What you are asked to do:
Using the data below, output a verbatim copy of the lines between the one holding "0,75; 1,25; 2,50" and the one holding "Læknataska úr leðri.", inclusive, without any pictures.

Task input:
◇ ◇ ◇ ◇ ◇

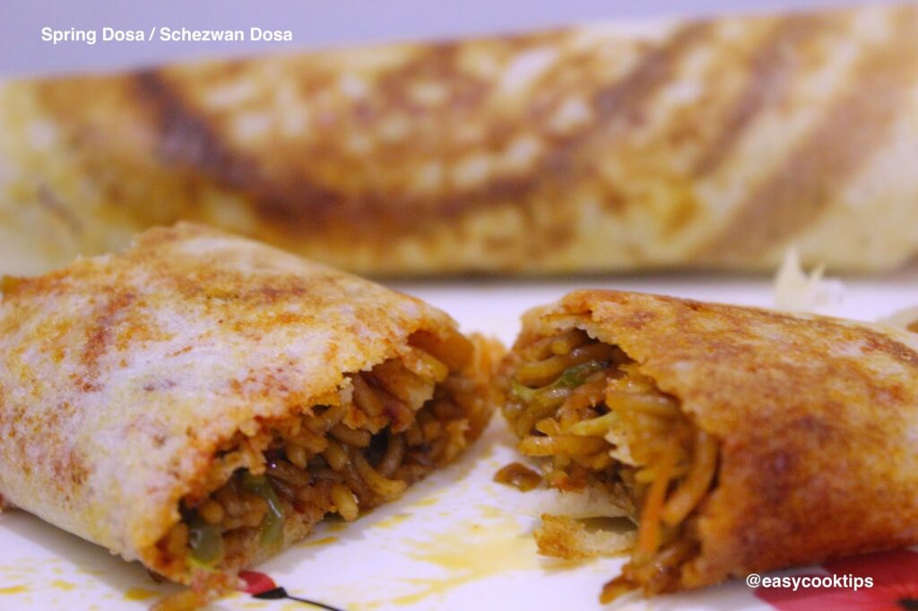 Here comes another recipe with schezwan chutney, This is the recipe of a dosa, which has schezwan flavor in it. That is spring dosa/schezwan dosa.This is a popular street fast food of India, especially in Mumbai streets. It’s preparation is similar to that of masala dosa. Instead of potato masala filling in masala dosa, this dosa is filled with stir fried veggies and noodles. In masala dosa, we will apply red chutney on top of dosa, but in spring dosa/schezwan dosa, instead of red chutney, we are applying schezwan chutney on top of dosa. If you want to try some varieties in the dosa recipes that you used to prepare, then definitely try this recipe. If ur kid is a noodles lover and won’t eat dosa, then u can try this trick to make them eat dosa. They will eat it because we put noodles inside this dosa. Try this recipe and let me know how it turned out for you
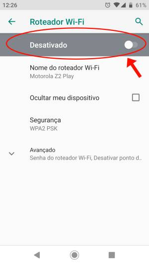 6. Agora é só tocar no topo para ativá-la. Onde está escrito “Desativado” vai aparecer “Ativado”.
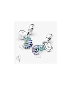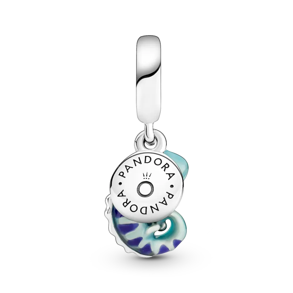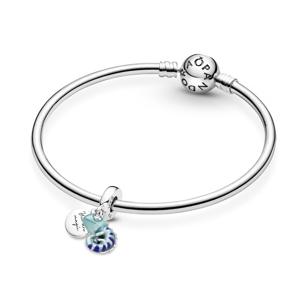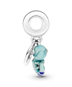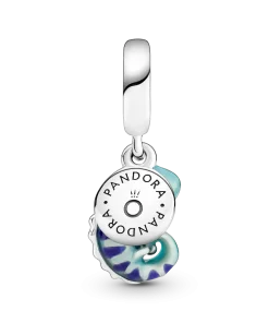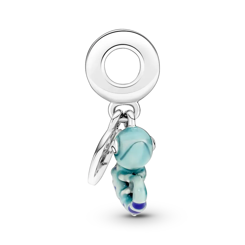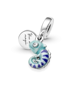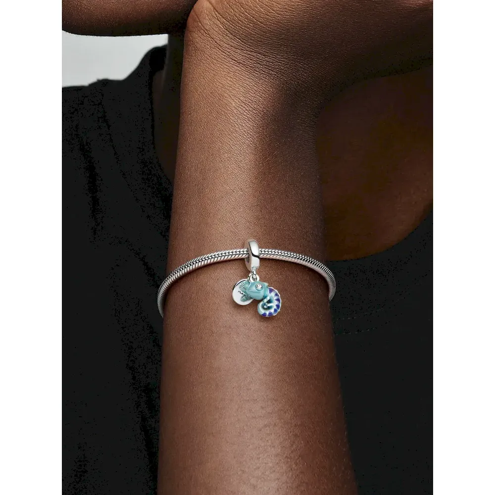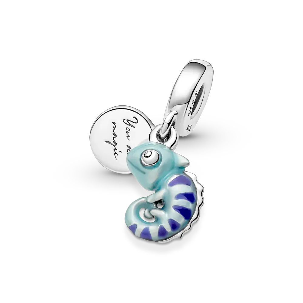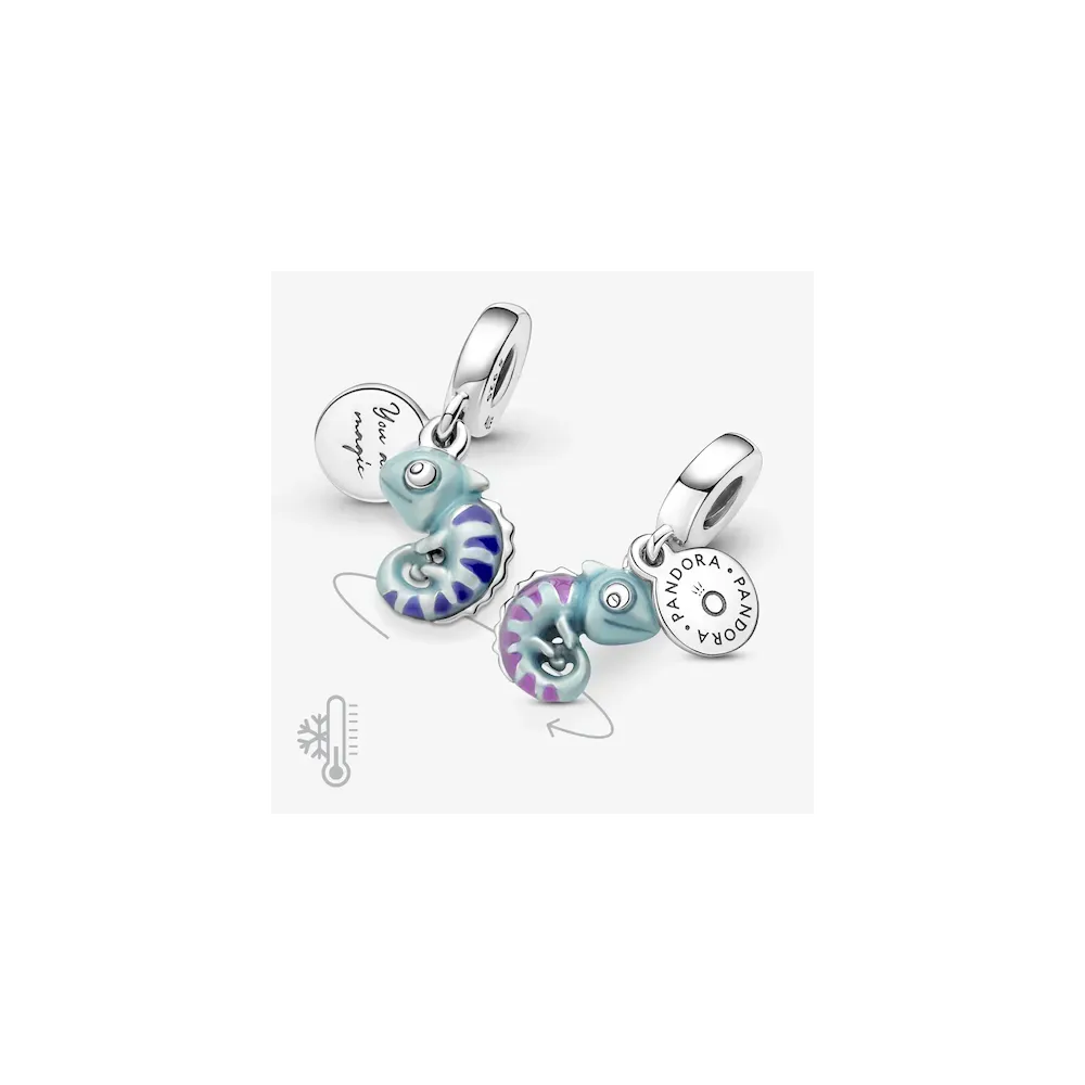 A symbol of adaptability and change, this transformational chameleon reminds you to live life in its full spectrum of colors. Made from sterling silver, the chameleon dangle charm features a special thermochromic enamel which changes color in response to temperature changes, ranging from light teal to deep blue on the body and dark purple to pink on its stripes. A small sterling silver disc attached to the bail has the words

◇ ◇ ◇ ◇ ◇

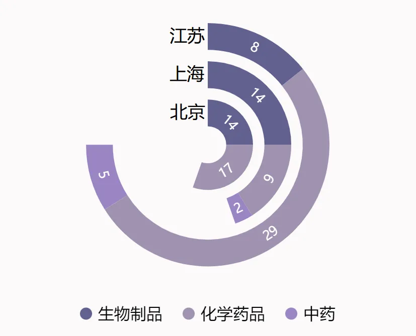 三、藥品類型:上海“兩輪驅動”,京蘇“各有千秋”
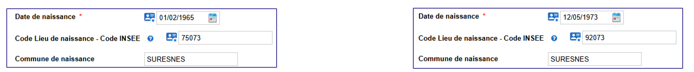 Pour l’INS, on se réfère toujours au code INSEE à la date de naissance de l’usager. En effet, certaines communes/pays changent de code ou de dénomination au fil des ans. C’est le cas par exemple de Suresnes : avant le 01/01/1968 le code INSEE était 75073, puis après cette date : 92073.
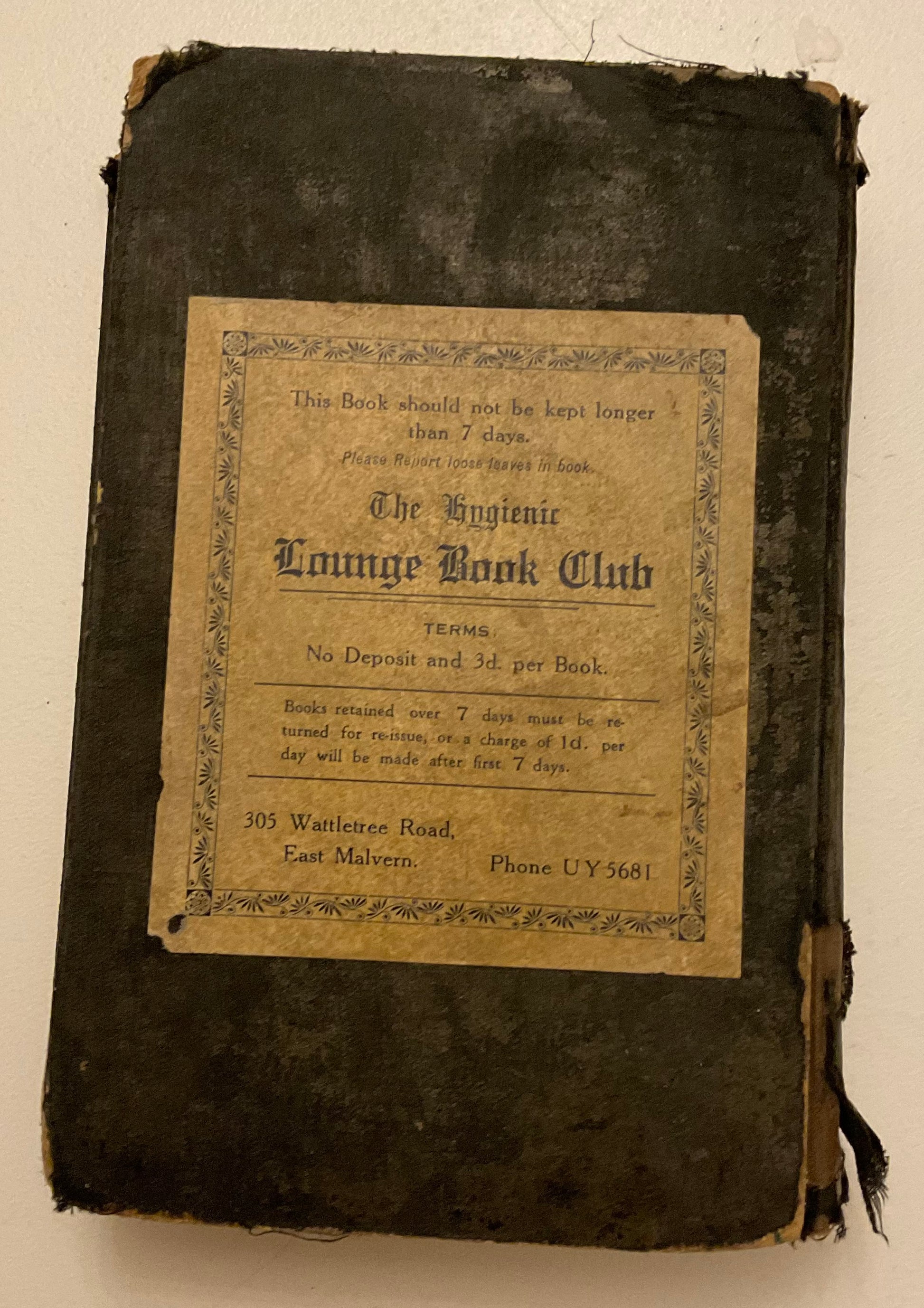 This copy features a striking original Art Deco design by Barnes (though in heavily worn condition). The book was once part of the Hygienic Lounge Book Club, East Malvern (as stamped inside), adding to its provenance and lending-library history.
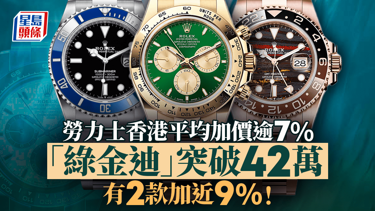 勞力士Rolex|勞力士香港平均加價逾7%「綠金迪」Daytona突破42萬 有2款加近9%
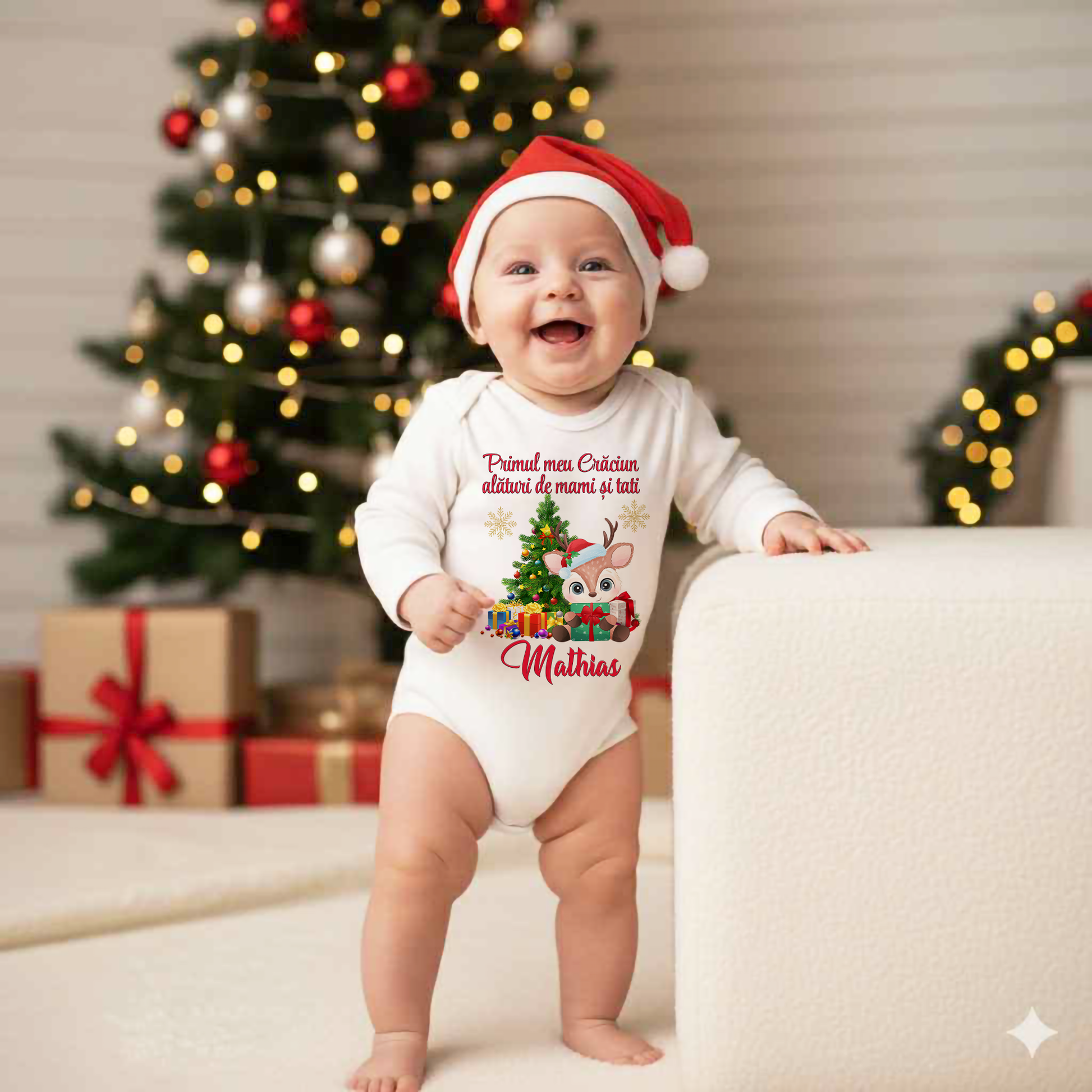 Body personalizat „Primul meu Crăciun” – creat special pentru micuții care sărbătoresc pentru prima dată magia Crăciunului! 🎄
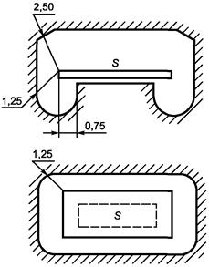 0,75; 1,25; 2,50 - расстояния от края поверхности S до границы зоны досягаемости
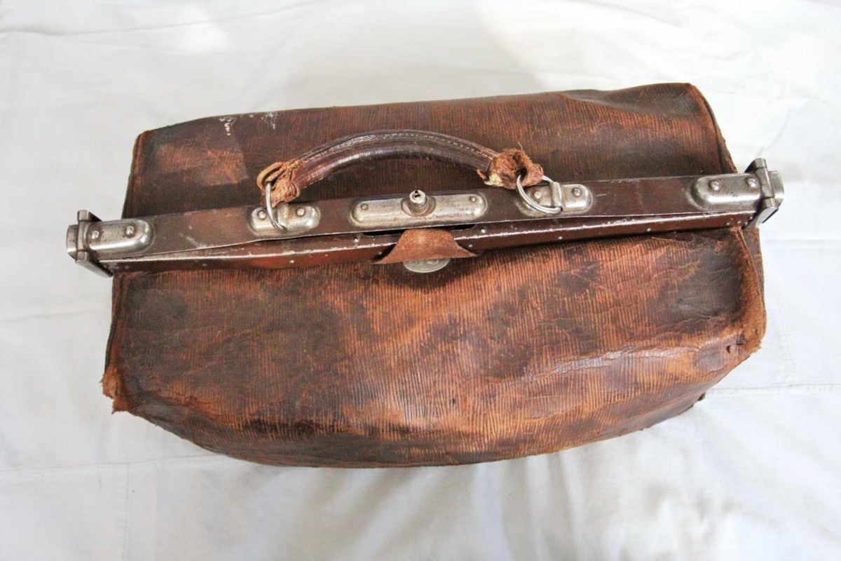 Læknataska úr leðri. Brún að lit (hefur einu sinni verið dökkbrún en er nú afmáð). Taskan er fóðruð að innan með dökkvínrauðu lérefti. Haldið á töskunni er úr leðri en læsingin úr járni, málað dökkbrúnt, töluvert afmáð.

◇ ◇ ◇ ◇ ◇

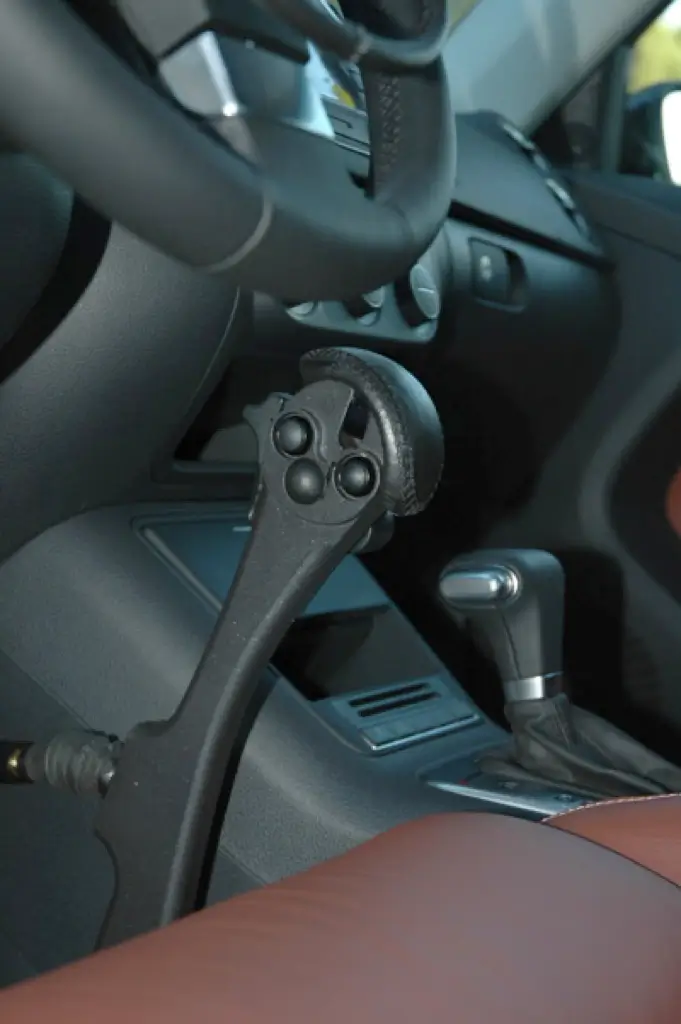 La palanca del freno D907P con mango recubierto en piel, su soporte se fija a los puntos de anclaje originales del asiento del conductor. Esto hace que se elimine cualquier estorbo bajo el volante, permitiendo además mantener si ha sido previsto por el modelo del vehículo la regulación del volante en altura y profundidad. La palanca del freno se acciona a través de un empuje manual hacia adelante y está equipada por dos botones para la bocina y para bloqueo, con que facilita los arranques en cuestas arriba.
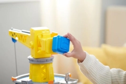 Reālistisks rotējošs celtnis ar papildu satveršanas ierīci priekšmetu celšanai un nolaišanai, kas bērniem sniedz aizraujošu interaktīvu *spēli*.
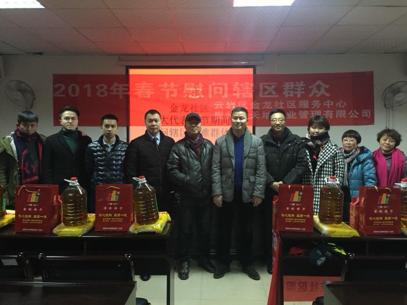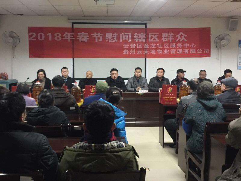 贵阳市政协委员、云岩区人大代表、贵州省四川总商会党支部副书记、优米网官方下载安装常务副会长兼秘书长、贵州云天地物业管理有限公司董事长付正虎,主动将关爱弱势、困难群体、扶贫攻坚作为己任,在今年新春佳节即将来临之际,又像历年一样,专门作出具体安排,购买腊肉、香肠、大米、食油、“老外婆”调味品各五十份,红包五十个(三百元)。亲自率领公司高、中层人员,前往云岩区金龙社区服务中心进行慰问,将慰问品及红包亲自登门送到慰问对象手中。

◇ ◇ ◇ ◇ ◇

Result:
 0,75; 1,25; 2,50 - расстояния от края поверхности S до границы зоны досягаемости
 Læknataska úr leðri. Brún að lit (hefur einu sinni verið dökkbrún en er nú afmáð). Taskan er fóðruð að innan með dökkvínrauðu lérefti. Haldið á töskunni er úr leðri en læsingin úr járni, málað dökkbrúnt, töluvert afmáð.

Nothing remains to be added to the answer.